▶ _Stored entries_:

Content starts

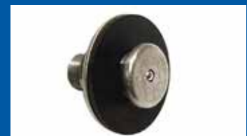
BUTTON HEAD GREASE NIPPLE
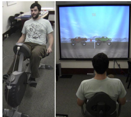
Figure 4. Equipment setup. Left: player pedaling on bike; Right: player's view of the game.

The study was designed to investigate the effectiveness of haptic feedback in exergames, not the long-term exercise efficacy of the games. Therefore, each trial was short, lasting between 1 and 5 minutes. Participants were given time between each trial to cool down and return to a resting state. Following the completion of all six trials, the two participants were brought back into one room for a post-experiment interview and debriefing.
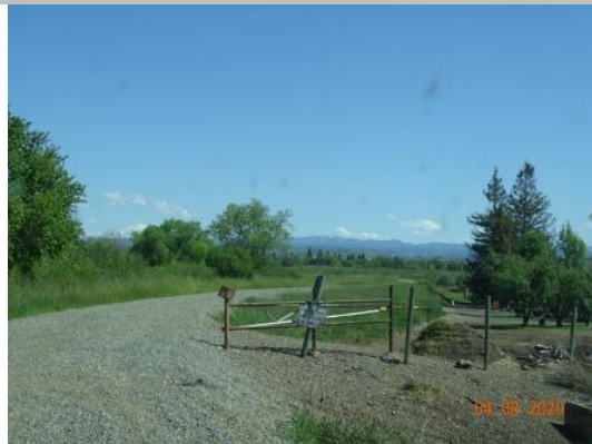
View of the unpermitted gate. Spring 2020.
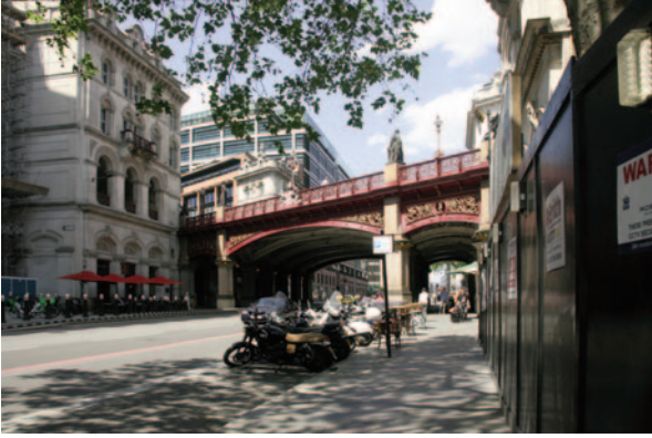
LEFT: Holborn Viaduct BEFORE

Content ends

▶ _What needs to be done_:
Keep to the lines above from the line with "Figure 4. Equipment" to the line with "View of the unpermitted gate. Spring 2020.", and set down exactly those, inclusive, with nothing else and every picture left out.

▶ _Exercise response_:
Figure 4. Equipment setup. Left: player pedaling on bike; Right: player's view of the game.

The study was designed to investigate the effectiveness of haptic feedback in exergames, not the long-term exercise efficacy of the games. Therefore, each trial was short, lasting between 1 and 5 minutes. Participants were given time between each trial to cool down and return to a resting state. Following the completion of all six trials, the two participants were brought back into one room for a post-experiment interview and debriefing.
View of the unpermitted gate. Spring 2020.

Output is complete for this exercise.